Хирург сказал сестре: «Посидите с Наймушиным», вышел в коридор, по пути в курилку бросил в рот папиросу. В курилке двое раненых балагурили.

— У тебя правая лапа поранена? А у меня левая. Давай меняться левыми лапами!

— Хитер, шизохреник! Давай махнем правыми!

Врач сказал:

— Натощак табачите?

— Как вы, товарищ подполковник медицинской службы!

— Это вредно, — сказал врач и с жадностью затянулся.

В этот час, когда Висилий Наймушин метался в «боковушке», его батальон был на марше. Мгла редела, расползалась, как сгнившая материя, звезды меркли, будто растворялись, небеса на востоке блекли, желтели. Отдаленная артиллерийская стрельба, в окрестных же лесах тихо.
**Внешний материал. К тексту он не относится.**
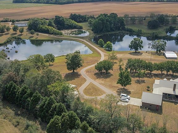 Unique Find! Southern Charm on 33 Rolling Acres with 10 Acres of stocked fish ponds fed by Good-Water Springs. Home offers open floor plan w large kitchen bar, breakfast area, and separate dining. Family room with cathedral beamed ceilings and custom fireplace. Custom woodwork in every room. Separate Guest Cabin with kitchen, overlooking dock and pond. Gunite Pool w diving board and slide. 30'x100' insulated storage building with loft. Tractor/Tool Barn. 5 Apartments @ Rd with Income Potential.
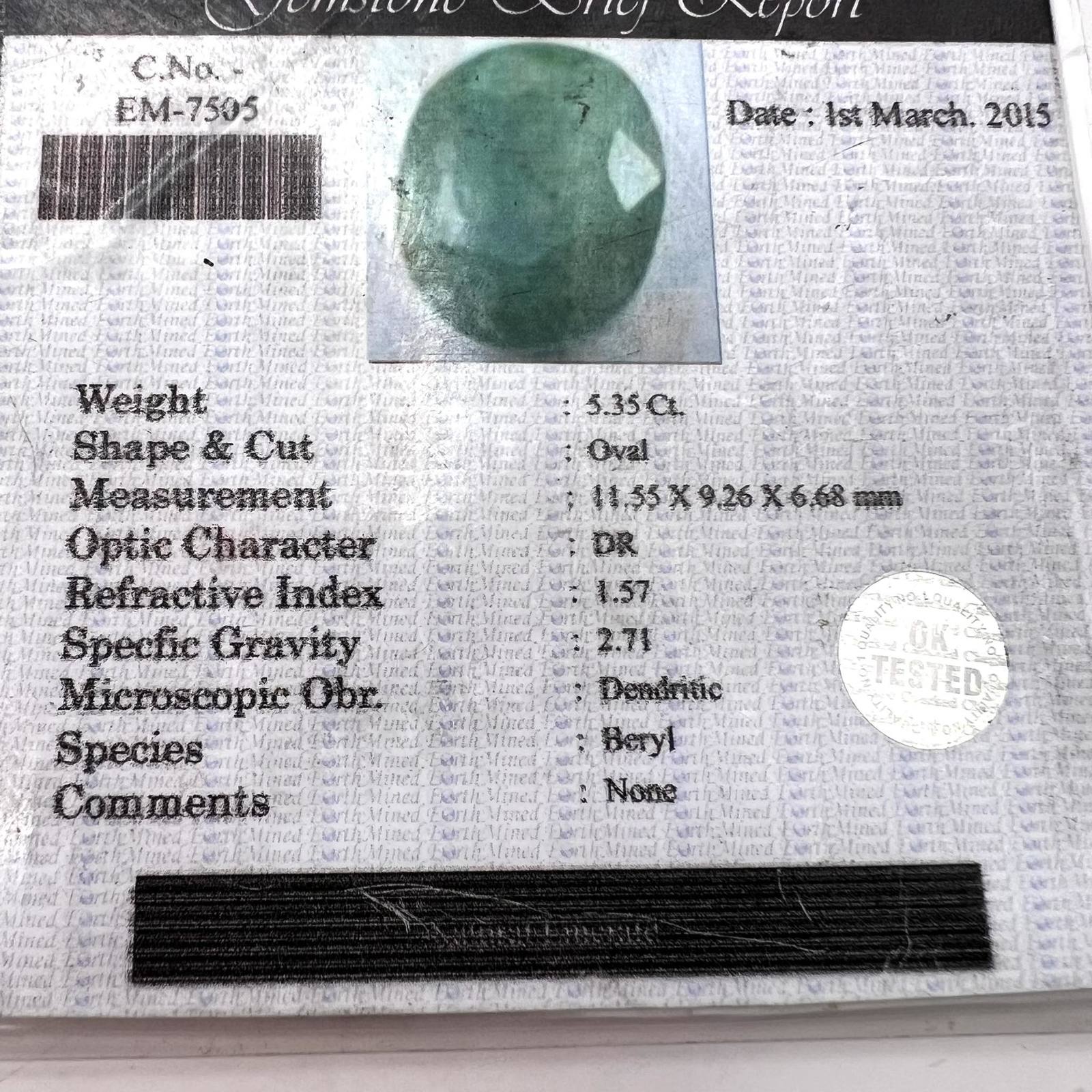 Beryl Emerald 5.3Ct Natural Loose Gemstone Certified + Lot of 10 Stones Pearls

Веточка не шелохнется, и Сергей Пахомцев пожалел: нет ветра, как славно было б сейчас ощутить кожей одновременно и упругую и мягкую струю морозного воздуха, испить бодрящей, колющей свежести. Но бодрость и так есть — в каждой мышце, в каждой клеточке. Бодрость есть, сила есть, есть жажда жить!

Сергей шагал, пружиня, впереди взвода и думал: «Смоленская земля пройдена, вот уже белорусская. Дальше — польская, а там недалеко и до немецкой… До победы недалеко!»